Comment by vultour

Comment by vultour 10 months ago

8 replies

This is no different from installing a random package through a package manager. If you're running "curl pipe sh" because an email told you to, that's on you.

craftkiller 10 months ago

No it isn't. Package managers verify the cryptographically signed package. That means the package can be built on a secure server, and then if a mirror becomes malicious or gets compromised, the malicious package won't have a valid signature so the package will not be installed. Running curl and piping it into sh means that not only could a malicious mirror or compromised server execute anything they want on your computer, but they could even send a different script when you curl it into sh vs when you view it any other way, making it much harder to detect[0].

[0] https://web.archive.org/web/20240213030202/https://www.idont...
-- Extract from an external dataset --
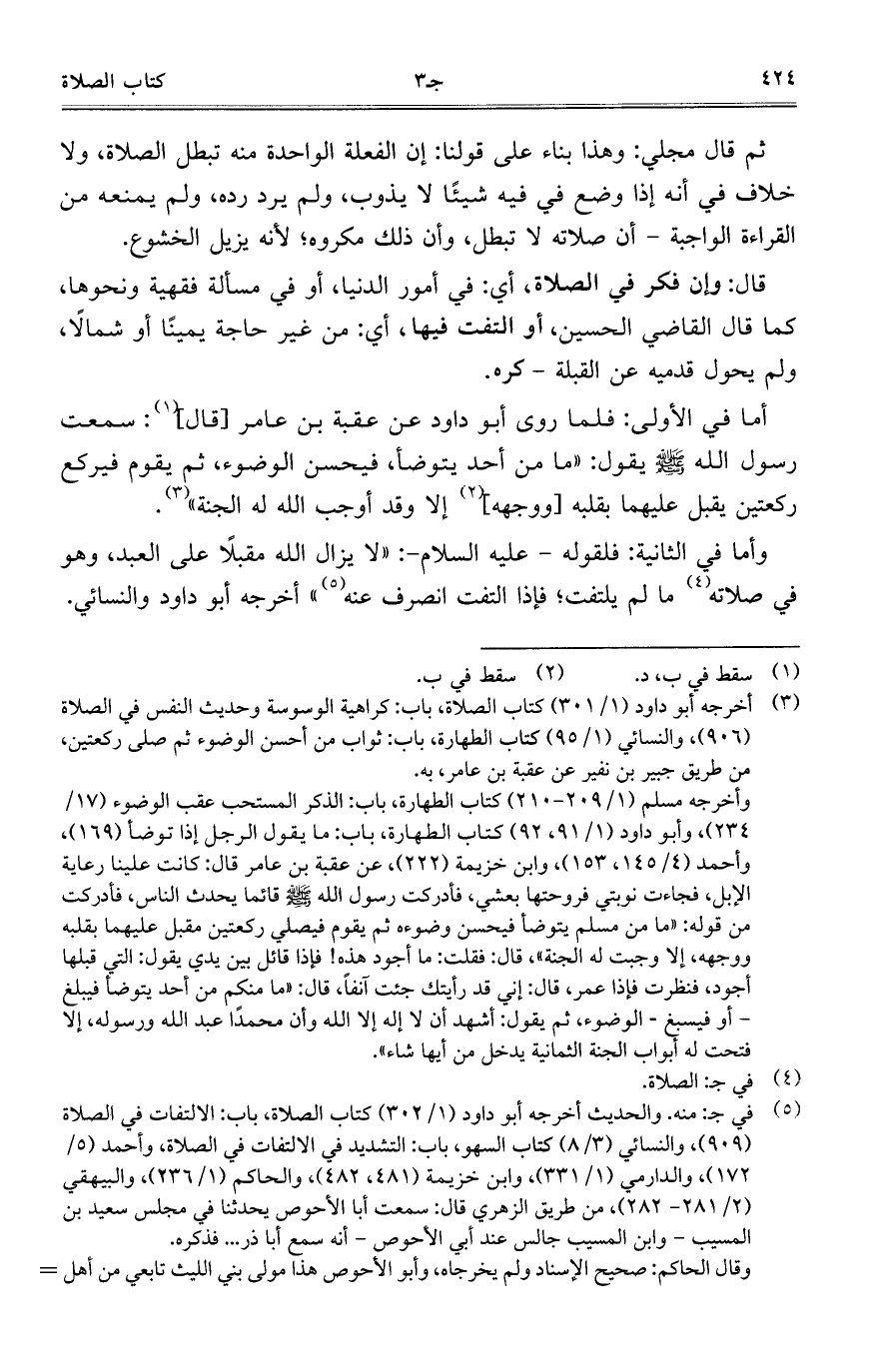 وأما في الثانية: فلقوله-عليه السلام-: "لا يزال الله مقبلاً على العبد، وهو في صلاته ما لم يلتفت؛ فإذا التفت انصرف عنه" أخرجه أبو داود والنسائي.

  • dylan604 10 months ago

    I think the npm repos would like to have a word with you. Sure glad we've never had a cryptographically signed malicious package delivered via npm install

    • craftkiller 10 months ago

      Thats like not wearing a seatbelt because you can still be crushed by a truck. Don't let perfect be the enemy of good. Package managers prevent some attacks that are possible via curl | sh. Some other attacks are still possible. It is still better than not cryptographically verifying the package.

      • dylan604 10 months ago

        That's like moving the goal posts so you can still try to have a point after the fact. Your comment suggested that package manager was secure while curl | sh isn't because the package manager won't have a valid signature. That's only if the package manager was compromised. A code package that is built to be malicious will still get signed by your manager. Only now, people think they are secure because it was signed.

  • _hyn3 10 months ago

    The tremendous number of attacks delivered via trusted package repos versus the number of widespread attacks via curl | sh (probably roughly zero) means that, theories aside, one of these is far more commonly abused than the other.

thephyber 10 months ago

Both are examples of developer-types doing risky things, which was my point and also supports my point that developers are not exclusively better secured than non-developer types.